Your task is to return all of the entries below exactly, leaving out each picture.
START Materials provided
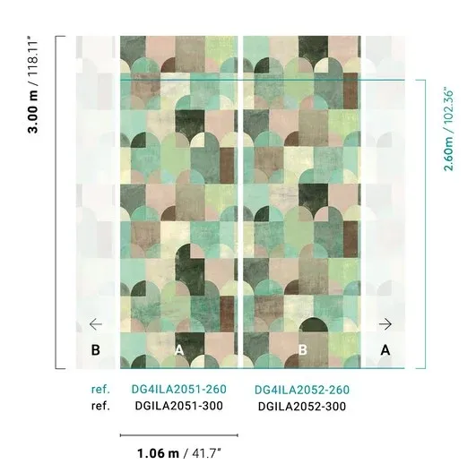 Vlies-Fototapete, geometrisches Bogenmuster. Kombinierbar mit DGILA2052 Fototapete für größere Breite - siehe Foto
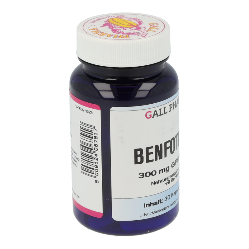 Benfotiamin ist die fettlösliche Vorstufe des Thiamins (= Vitamin B1). Das fettlösliche Benfotiamin zeichnet sich durch eine deutlich bessere Bioverfügbarkeit gegenüber dem wasserlöslichen Thiamin aus. Im Organismus wird das Benfotiamin rasch zum Vitamin B1 umgewandelt. Durch die effektivere Aufnahme kann ein Vitamin B1 Mangel durch Benfotiamin rascher ausgeglichen werden als durch die wasserlösliche Variante. Bei einem gestörten Zuckerstoffwechsel ist es sinnvoll den Thiamin-Spiegel im Blut überprüfen zu lassen. Benfotiamin ist eine Verbindung aus der Familie der Allithiamine, die in Gemüsesorten wie Knoblauch, Zwiebel, Porree und Schalotten enthalten sind.
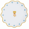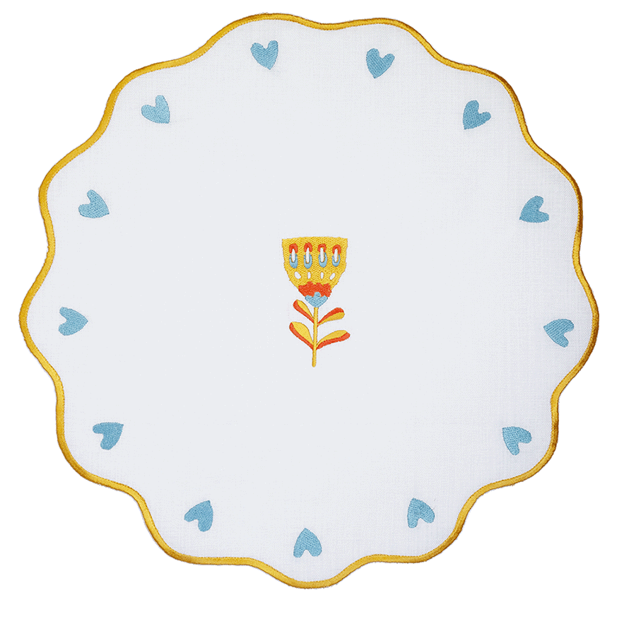 Descrição: Jogo americano redondo em algodão, com borda ondulada em amarelo e delicados corações azuis distribuídos ao redor. No centro, uma flor estilizada em tons de amarelo, vermelho e azul acrescenta charme ao design. Uma peça elegante e alegre, perfeita para compor mesas postas e transformar momentos especiais em ocasiões inesquecíveis.
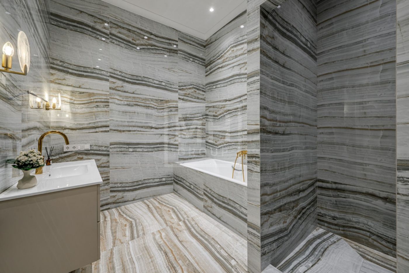 Отделочные материалы премиального класса: сантехника Toto, и техника Korting, смесители Nicolazzi, Omoikiri, натуральный мрамор, мебель от ведущих брендов, кондиционеры — всё для комфорта.
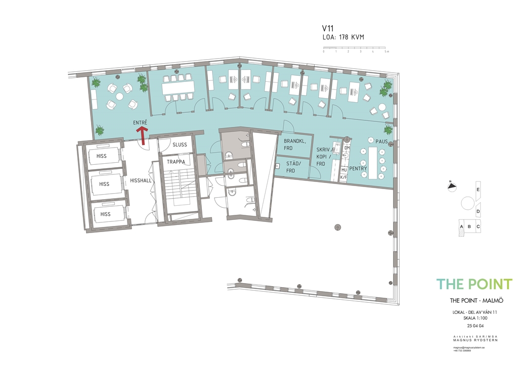 På våning 11 i The Point erbjuder vi nu en fantastisk kontorslokal på 178 kvm, perfekt för det mindre teamet som vill kombinera eget utrymme med samhörighet och smarta lösningar.
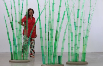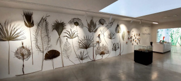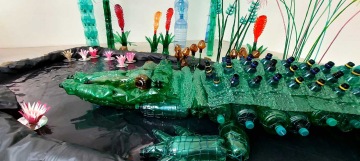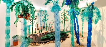 V Tišnově probíhá až do 2.10. v krásné, moderní Galerii Josefa Jambora výstava PET TROPICANA 2.0. Navazuje na mou stejnojmennou výstavu z roku 2010 skleníku Fata Morgana v Botanické zahradě v Praze. Téma zůstává, ale exponáty se proměnily. Chci ukázat, kam jsem se za ta léta posunula. Tenkrát jsem ve skleníku vystavovala výhradně díla inspirovaná rostlinnou a živočišnou říší. Dnes už zvířata, až na výjimky, nedělám. Zato se mi rozkošatil repertoár různých palem, stromů, květin, lián, které zhmotňují mou fascinaci tropickými kraji. Na výstavě ale najdete i třeba černošský trůn s kostýmy pro tanečníky, tropický obchůdek, kreace z palmového listí nebo dary moře, což jsou drobné objekty vytvořené z naplavenin. Pet lahve ale samo sebou převládají. V zahradě stojí PBC- PlasticBottleCabin, domek z palet a pet lahví, jehož posláním je mimo jiné zužitkování pet lahví v zemích, kde nefunguje jejich svoz a recyklace.
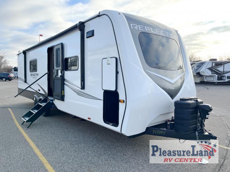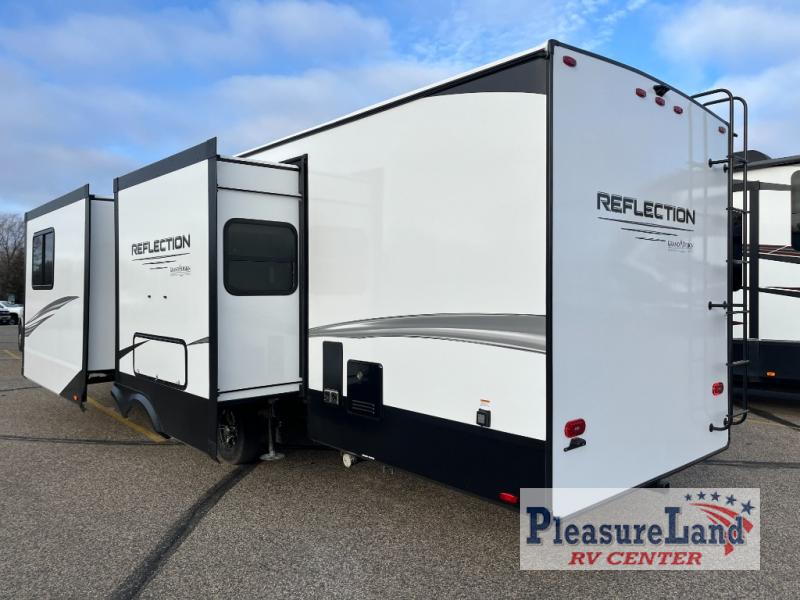 With any Reflection travel trailer by Grand Design, you will have a solar panel for off-grid camping and a 60 amp charge controller and inverter prep, a Universal All-In-One docking station, unobstructed pass-through storage, and Goodyear Endurance tires. Each is constructed of gel coat exterior sidewalls, residential 5" truss rafters, walk-on roof decking, a fiberglass and radiant foil roof and front cap insulation plus laminated aluminum framed side walls, roof and end walls in slide rooms. Head inside to enjoy residential hardwood cabinet doors, premium Congoleum flooring, a spacious shower with a glass door, and many more comforts!
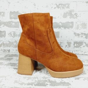 New BP Keyla Platform Brown Faux Suede Chunky Bootie X63
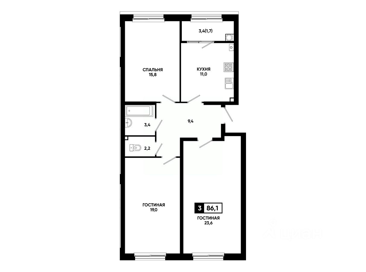 Общая площадь86,1 м²
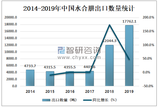 2017-2019年中国水合肼出口数量逐年增加,2018年中国水合肼出口数量为12044.3吨,较2017年增长了7643吨;2019年中国水合肼出口数量为17762.1吨,较2018年增长了5718吨。
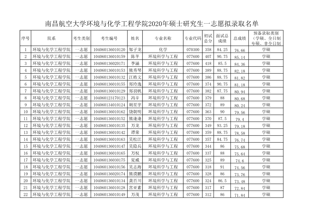 南昌航空大学环境与化学工程学院2020年硕士研究生一志愿拟录取名单
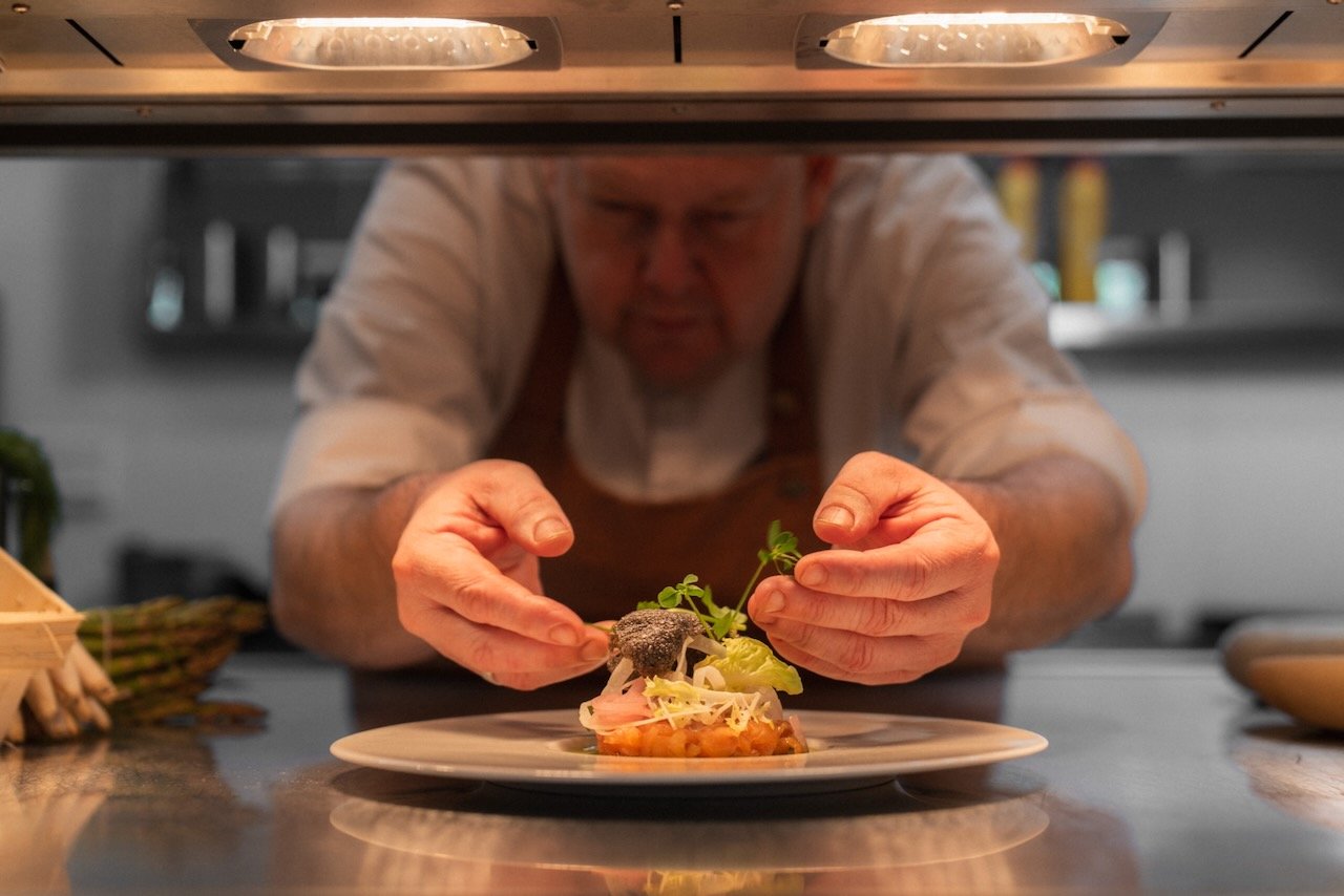 Het interieur ademt sfeer en beleving: zachte aardse tinten, luxe materialen zoals marmer, een stijlvolle wijnkelder, grote ronde banken voor gezelschappen en verschillende gezellige hoekjes die uitnodigen om langer te blijven zitten.
END Materials provided
Solution to the problem ->
 Vlies-Fototapete, geometrisches Bogenmuster. Kombinierbar mit DGILA2052 Fototapete für größere Breite - siehe Foto
 Benfotiamin ist die fettlösliche Vorstufe des Thiamins (= Vitamin B1). Das fettlösliche Benfotiamin zeichnet sich durch eine deutlich bessere Bioverfügbarkeit gegenüber dem wasserlöslichen Thiamin aus. Im Organismus wird das Benfotiamin rasch zum Vitamin B1 umgewandelt. Durch die effektivere Aufnahme kann ein Vitamin B1 Mangel durch Benfotiamin rascher ausgeglichen werden als durch die wasserlösliche Variante. Bei einem gestörten Zuckerstoffwechsel ist es sinnvoll den Thiamin-Spiegel im Blut überprüfen zu lassen. Benfotiamin ist eine Verbindung aus der Familie der Allithiamine, die in Gemüsesorten wie Knoblauch, Zwiebel, Porree und Schalotten enthalten sind.
 Descrição: Jogo americano redondo em algodão, com borda ondulada em amarelo e delicados corações azuis distribuídos ao redor. No centro, uma flor estilizada em tons de amarelo, vermelho e azul acrescenta charme ao design. Uma peça elegante e alegre, perfeita para compor mesas postas e transformar momentos especiais em ocasiões inesquecíveis.
 Отделочные материалы премиального класса: сантехника Toto, и техника Korting, смесители Nicolazzi, Omoikiri, натуральный мрамор, мебель от ведущих брендов, кондиционеры — всё для комфорта.
 På våning 11 i The Point erbjuder vi nu en fantastisk kontorslokal på 178 kvm, perfekt för det mindre teamet som vill kombinera eget utrymme med samhörighet och smarta lösningar.
 V Tišnově probíhá až do 2.10. v krásné, moderní Galerii Josefa Jambora výstava PET TROPICANA 2.0. Navazuje na mou stejnojmennou výstavu z roku 2010 skleníku Fata Morgana v Botanické zahradě v Praze. Téma zůstává, ale exponáty se proměnily. Chci ukázat, kam jsem se za ta léta posunula. Tenkrát jsem ve skleníku vystavovala výhradně díla inspirovaná rostlinnou a živočišnou říší. Dnes už zvířata, až na výjimky, nedělám. Zato se mi rozkošatil repertoár různých palem, stromů, květin, lián, které zhmotňují mou fascinaci tropickými kraji. Na výstavě ale najdete i třeba černošský trůn s kostýmy pro tanečníky, tropický obchůdek, kreace z palmového listí nebo dary moře, což jsou drobné objekty vytvořené z naplavenin. Pet lahve ale samo sebou převládají. V zahradě stojí PBC- PlasticBottleCabin, domek z palet a pet lahví, jehož posláním je mimo jiné zužitkování pet lahví v zemích, kde nefunguje jejich svoz a recyklace.
 With any Reflection travel trailer by Grand Design, you will have a solar panel for off-grid camping and a 60 amp charge controller and inverter prep, a Universal All-In-One docking station, unobstructed pass-through storage, and Goodyear Endurance tires. Each is constructed of gel coat exterior sidewalls, residential 5" truss rafters, walk-on roof decking, a fiberglass and radiant foil roof and front cap insulation plus laminated aluminum framed side walls, roof and end walls in slide rooms. Head inside to enjoy residential hardwood cabinet doors, premium Congoleum flooring, a spacious shower with a glass door, and many more comforts!
 New BP Keyla Platform Brown Faux Suede Chunky Bootie X63
 Общая площадь86,1 м²
 2017-2019年中国水合肼出口数量逐年增加,2018年中国水合肼出口数量为12044.3吨,较2017年增长了7643吨;2019年中国水合肼出口数量为17762.1吨,较2018年增长了5718吨。
 南昌航空大学环境与化学工程学院2020年硕士研究生一志愿拟录取名单
 Het interieur ademt sfeer en beleving: zachte aardse tinten, luxe materialen zoals marmer, een stijlvolle wijnkelder, grote ronde banken voor gezelschappen en verschillende gezellige hoekjes die uitnodigen om langer te blijven zitten.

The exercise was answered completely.